The volume would benefit from an index at the end of the text and a more in-depth thematic synthesis. Considering the comprehensive scope of the many chapters, a glossary of the key terms would improve the accessibility of the many topics covered in the book to the readership. Moreover, while the thematic and disciplinary diversity is certainly a strength of the volume, the authors could have tied the different threads together by highlighting the relationships, in terms of convergences and divergences, of the various chapters. For instance, to ascertain how the somewhat technical topic of solar-powered wheelchairs (Chapter 20) connects to Islamic perspectives on disability (Chapter 27) is largely left to the reader. A concluding summary making the connections between the various thematic strands explicit would have make it easier for future research to pick up on, and further, the important work done in this book. One specific theme of such further work, which the current volume points to only implicitly, might be to challenge the notion of disability altogether from a religious and cultural perspective. Taking the religious and cultural perspectives outlined in the book, such as seeing all humans as God's creation in the monotheistic religions or the cultural philosophy of the value of humanness (Botho/Ubuntu), might actually lead to a point where we would not speak of “people with disabilities,” but recognise different abilities as part of overall human diversity.
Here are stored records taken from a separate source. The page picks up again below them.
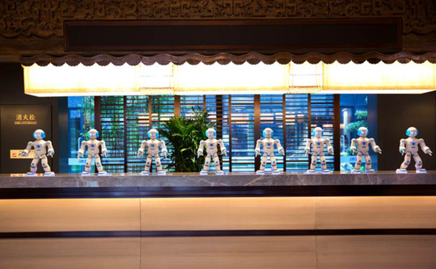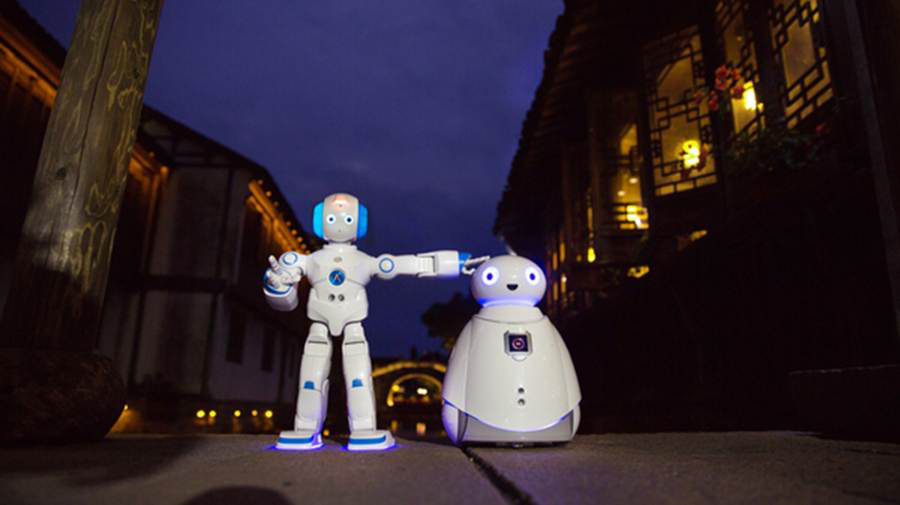 在乌镇东栅注册点,一个酷似大白、外表暖萌可爱的移动机器人正在协助嘉宾注册,并暖心的向与会嘉宾播报当地天气预报及注意事项;而一旁,一群类人机器人则为嘉宾大跳劲舞,各种卖萌,这些外表帅气可爱、身段灵活的机器人随着音乐翩翩起舞、整齐划一、韵律感十足,萌化了所有的与会嘉宾;在咖啡厅,暖萌可爱的移动机器人正在协助点餐。在正厅、论坛、草坪、湖边……,都可以看到这些机器人的身影,夜晚夜游乌镇,如果运气好,还能遇到机器人作导游。
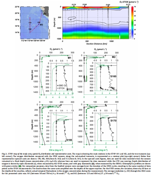 該論文摘要指出,研究使用高靈敏度的STOX O?傳感器,調(diào)查了東熱帶北太平洋和南太平洋氧氣最小區(qū)的原位氧氣分布,并通過實(shí)驗(yàn)室培養(yǎng)測定了這些區(qū)域不同深度水體的耗氧率。研究結(jié)果顯示,在兩個(gè)OMZ的核心區(qū)域,氧氣濃度普遍低于檢測限(幾個(gè)nmol L?1),表明東太平洋存在大量功能上缺氧的水體。在某些站位的深層二次葉綠素最大值處,氧氣常常無法被檢測到,而其他一些二次最大值處氧氣濃度可達(dá)約0.4 μmol L?1。在沿海水域的含氧表層和次表層,直接測得的呼吸速率很高,最高可達(dá)85 nmol L?1 O? h?1。在上部氧躍層深度,呼吸速率較低,在2到33 nmol L?1 O? h?1之間變化。在有二次葉綠素最大值的地方,呼吸速率高于其上方的含氧水體。在全玻璃容器中培養(yǎng)超過20小時(shí)會(huì)導(dǎo)致呼吸速率大幅增加。向上部氧躍層水樣中添加氨基酸,并未在最初20小時(shí)內(nèi)引起呼吸速率的顯著初始上升,這表明貧營養(yǎng)大洋水體呼吸速率的測量可能不受采樣過程中低水平有機(jī)污染的嚴(yán)重影響。測量結(jié)果表明,有氧代謝能在極低的氧氣濃度下有效進(jìn)行,其表觀半飽和濃度值在約10到200 nmol L?1之間。
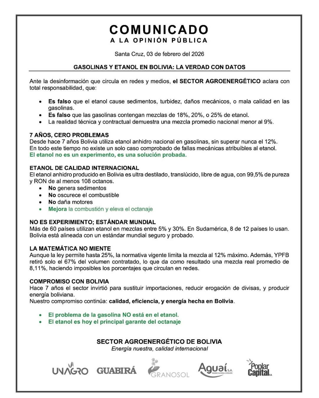 El sector agroenergético rechazó las versiones que atribuyen daños mecánicos al uso de etanol como aditivo en los combustibles y aseguró que, tras siete años de aplicación en el país, no existe un solo caso comprobado de fallas en motores que pueda ser vinculado directamente a este biocombustible, sosteniendo que su uso es seguro, cumple normas técnicas y contribuye a la reducción de la dependencia de combustibles fósiles.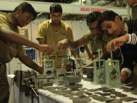 Students seen at the stalls of mechanical equipments in manufacturing industry at CNC Expo 2012 which was inaugurated today at Palace Grounds, in Bangalore on Thursday 1st March 2012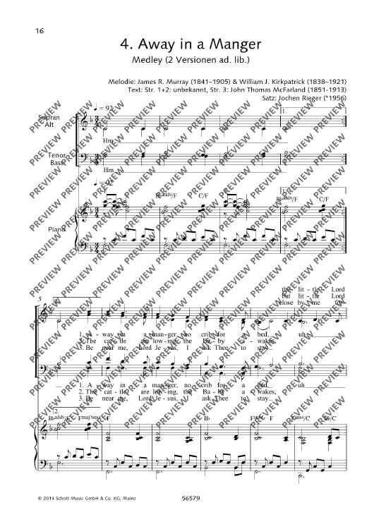 Digital Sheet Music for Away in a Manger by James Ramsey Murray, Jochen Rieger, William K. Kirkpatrick scored for Mixed Choir (satb) And Piano; id:485857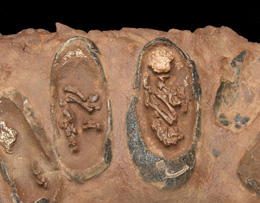 據(jù)報道,這些年代久遠的恐龍蛋化石保存狀態(tài)相當好,每枚蛋長約12.7厘米,寬約7.6厘米,其中19枚恐龍蛋中還含有初具雛形的小恐龍胚胎,一些蛋內(nèi)彎曲的恐龍胚胎清晰可見。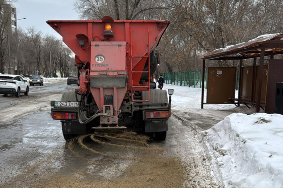 Дороги Усть-Каменогорска подсыпают песком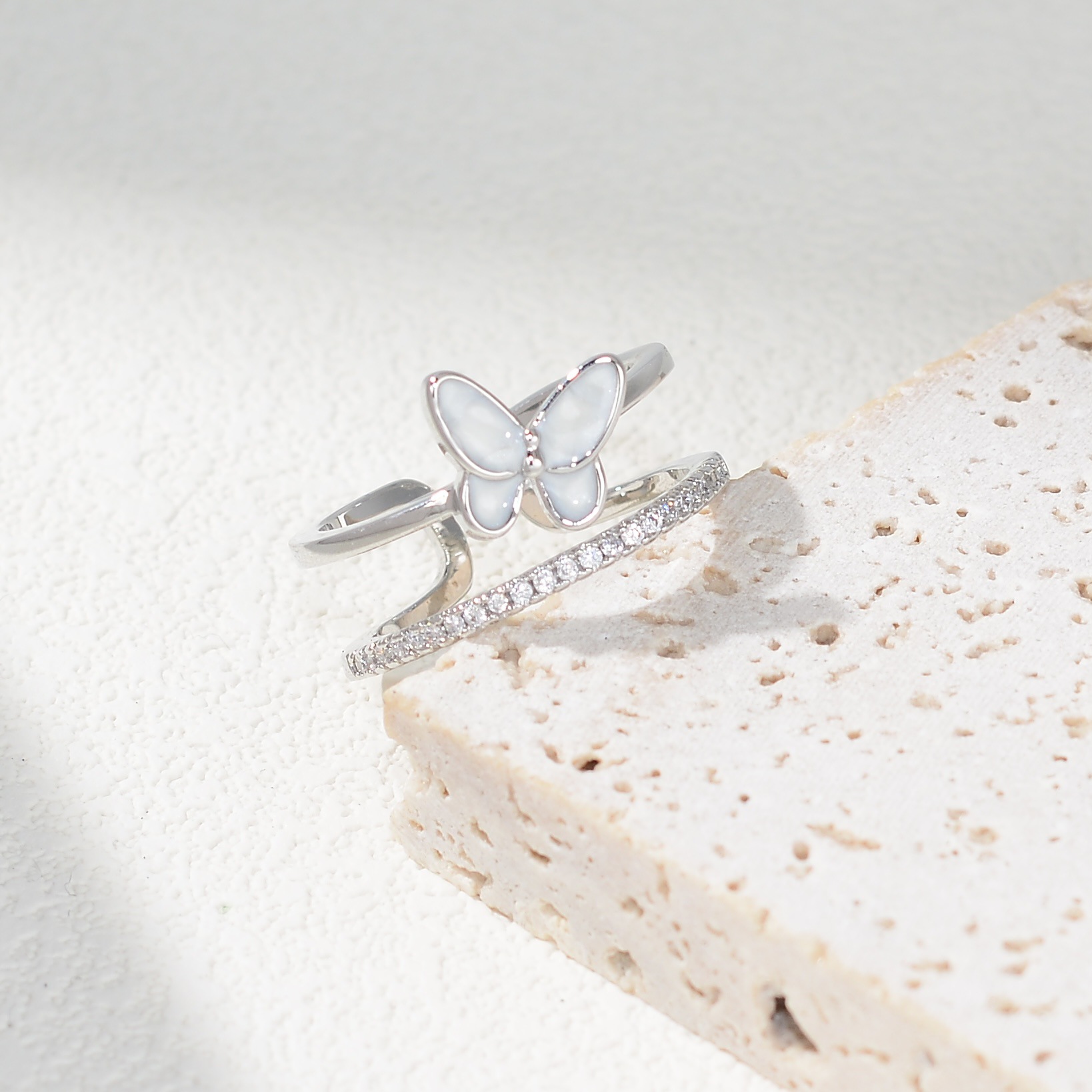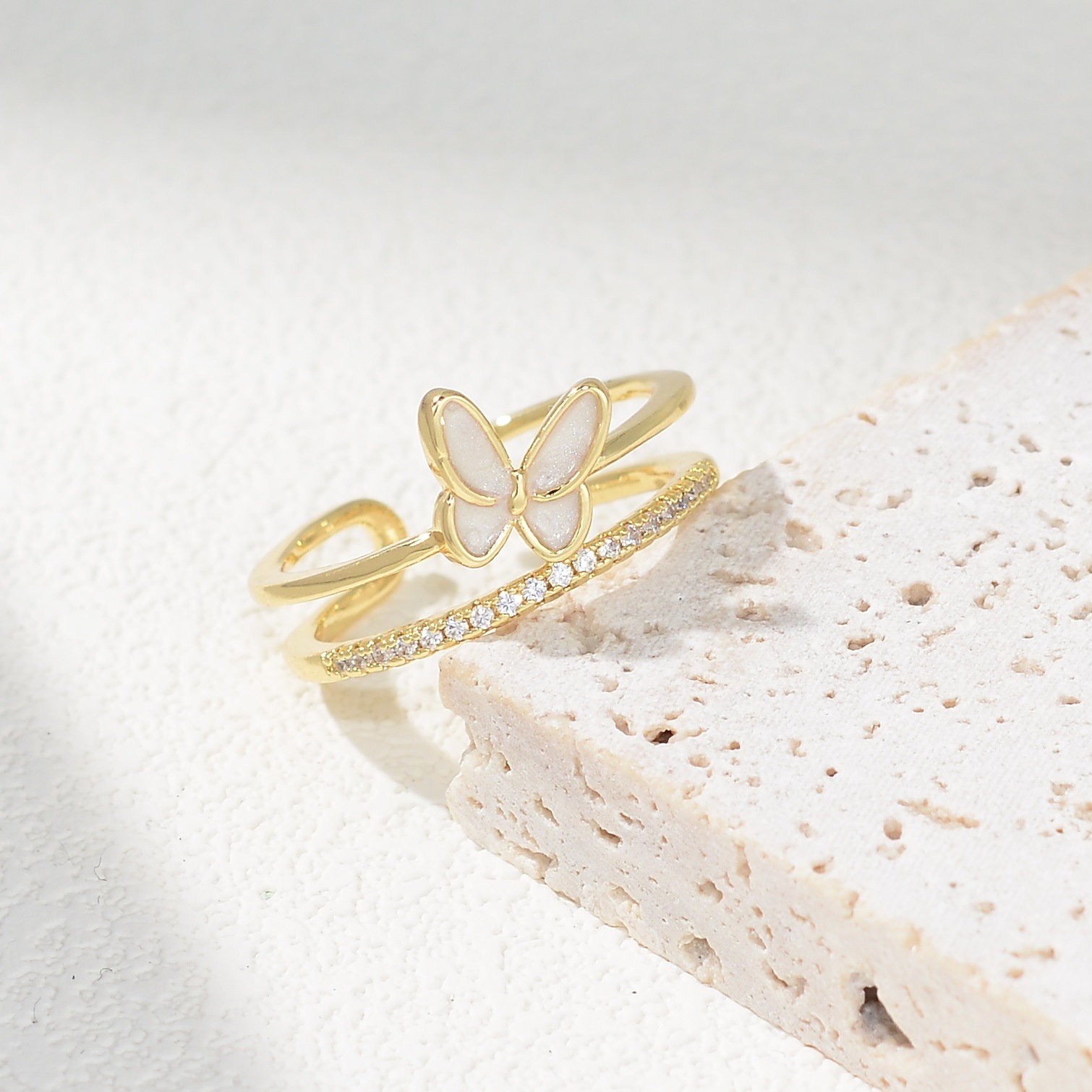 跨境欧美时尚新款微镶锆石蝴蝶戒指小众高级感爆款轻奢高级指环女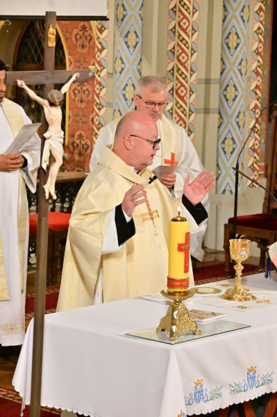Roland atya szentbeszédét azzal kezdte, ő hogyan kötődik ehhez a templomhoz. Tizennégy éves korától hatalmas vágyat érzett a templom iránt, ez a vonzás egyre erősebb lett. Majd amikor tehette, a reggeli szentmisével kezdte a napját. Ez a vonzás is szerepet játszott abban, hogy évek múltán pap lett belőle. Amikor a kőszegi templomba lép, mindig jó érzés fogja el.
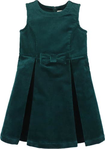 Jumpstart the holiday season with one of our favorite layering pieces! Cut from soft organic cotton, our jumper features a pleated skirt, bow front detail, and zipper closure down the center back for easy dressing. Can easily be worn on it's own, but looks equally adorable paired with one of our organic cotton knit tops for a little extra style and warmth.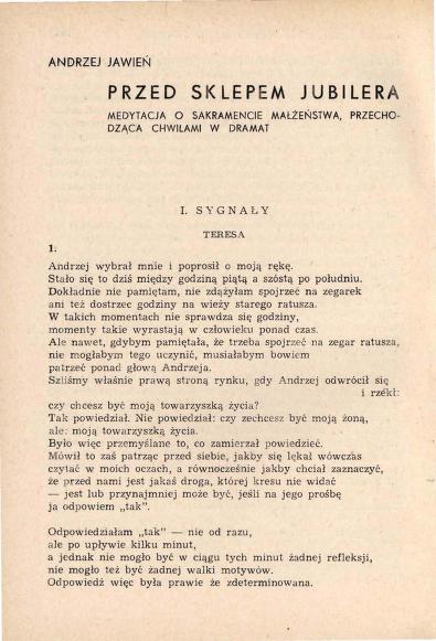 Przed sklepem jubilera to sztuka pełna ciszy, głęboko liryczny, rodzaj dialogu serc i sumień. Tekst wydaje się rodzajem modlitwy, wołaniem o miłość wierną i mądrą. Sztuka dyskretnie zaprasza, by na nowo odkryć, że prawdziwa miłość jest nie tylko uczuciem, ale drogą, przymierzem, ofiarą i łaską. Tak przeżywana, żyje na wieki…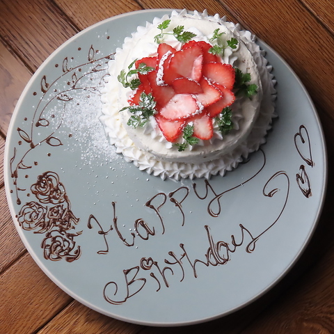 +1000円で誕生日や記念日にプレートをご用意することも可能です。プレートは予約必須になりますので、ご予約の際に店舗迄ご連絡くださいませ。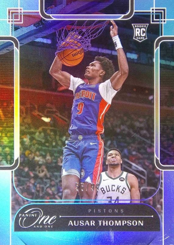 This card is 1 of 46 Ausar Thompson's card variations in the 2023 One and One set being tracked by Sports Card Investor, including Blue /35, Purple /25, Red /15, Gold /10, and White FOTL /7.

Nonetheless, Disability is not Inability is undoubtedly a highly valuable contribution to scholarship on disability, for which the editors and authors deserve applause. While the book's main geographic focus is on Botswana and southern Africa, the collection has relevance far beyond its immediate context. The book is a must-read for anyone engaged with issues of disability in theory and practice in southern Africa and beyond, be it in academic scholarship, education, religious communities, the health sector, or government institutions.